Figures 8 and 9 show the 3-, 6-, 9-, and 12-h forecast actual and normalized impacts (%) for temperature and relative humidity RMS errors (verified against radiosonde observations) for different atmospheric layers. Assimilation of clear-sky AIRS radiance data has an overall small positive impact for most layers and forecast hours for temperature and relative humidity. For the normalized temperature impact (Fig. 9a), the biggest positive impact (0.9%) was observed for the 800–400-hPa layer at the 3-h forecast. Overall, small but statistically significant (at the 95% level) positive impacts were seen for temperature for nearly all layers and forecast lengths, with the only exception being short-range forecasts at the upper levels. Slight degradation was noted for temperature at the 3- and 6-h forecasts for the 400–100-hPa layer but these results were not statistically significant. For moisture (Fig. 9b), a consistent (with forecast lead time), statistically significant positive impact was noted for the 800–400-hPa layer. The 1000–800-hPa layer showed a slightly negative forecast impact (but not statistically significant) for the 3- and 6-h forecasts. A possible explanation for this might be bias introduced by the near-surface water vapor channels.

Fig. 8.
Fig. 8.

Difference in RMS errors (vs radiosonde) between the AIRS experiment and the control run for (a) temperature (K) and (b) moisture (%) for different vertical layers (1000–800 hPa, blue; 800–400 hPa, yellow; 400–100 hPa, green; 1000–100 hPa, red) computed against available radiosonde observations over North America over a 1-month period. The error bar indicates the ±2 standard error from the mean impact, representing the 95% confidence threshold for significance.
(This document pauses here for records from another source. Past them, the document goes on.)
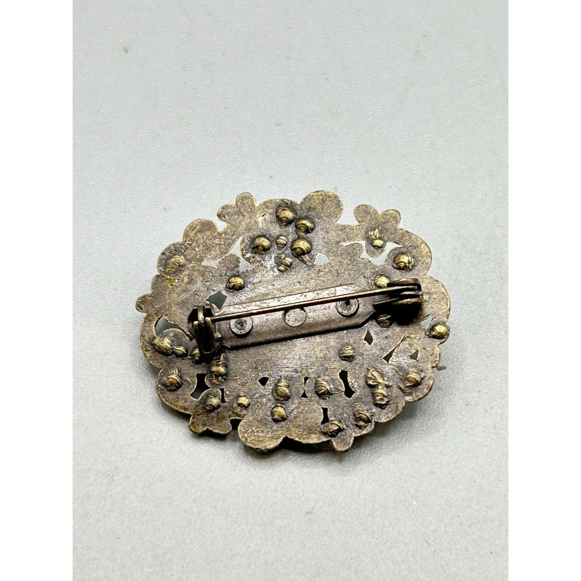 Pretty Rhinestones Pin Brooch Moonglow Acrylic Cabochon Antique Style Jewelry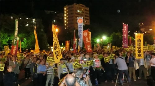 警察権力は国会前さながらに、米軍基地ゲートを中心に多数の機動隊バスを配置し、武装機動隊を動員し、ゲート前抗議には警察指揮官車から「公安条例違反だ」とがなりたてるなど異例の弾圧体制を敷いた。しかし現場労働者はそんなものはものともしない。ここでも国会決戦を引き継ぐ労働者の実力決起の発展と、安倍政権の恐怖を示した。国家権力と真正面から実力で激突する力を労働者は持っている。「絶対反対」と「階級的団結」で闘う路線を持つ指導部が登場できるか否かが、安倍打倒の核心問題だ。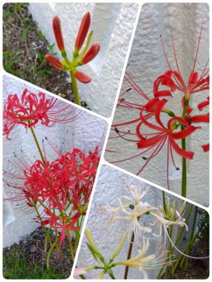 校内に彼岸花が咲いています。白色の彼岸花もあるんですね。少しずつ、秋の気配が近づいています。

Citation: Weather and Forecasting 32, 5; 10.1175/WAF-D-17-0028.1

Fig. 9.
Fig. 9.

As in Fig. 8, but for the normalized impact (%).

Citation: Weather and Forecasting 32, 5; 10.1175/WAF-D-17-0028.1

Figures 10a and 10b show the temperature bias verification (also against radiosonde observations) for different atmospheric layers from 3- to 12-h forecasts valid at 0000 and 1200 UTC, respectively. There is a very slight improvement in temperature bias for all layers at most forecast hours. Figure 11 shows a similar plot to Fig. 10 but for relative humidity bias. Similar to increased low-level relative humidity RMS errors for the AIRS assimilation experiment (Figs. 8b and 9b), the larger relative humidity bias for the 1000–800-hPa layer in the AIRS experiment may be due to bias introduced from the near-surface water vapor channels. For the 800–400-hPa and 1000–400-hPa layer relative humidity, the forecast biases with the assimilation of AIRS data (red) are improved compared with the control run (blue). It is also noted that the temperature and relative humidity biases for forecasts valid at 0000 UTC are larger than those for forecasts valid at 1200 UTC, especially for the 1000–800-hPa layer. This is likely due to the warm temperature bias at 0000 UTC in RAPv2 (see B16).

Fig. 10.
Fig. 10.

Temperature bias (K) valid at (a) 0000 and (b) 1200 UTC for radiosonde verification for CNTL (no AIRS; blue) and EXP (AIRS; red) at different forecast hours for different vertical layers with the error bar indicated (±1.96 standard error).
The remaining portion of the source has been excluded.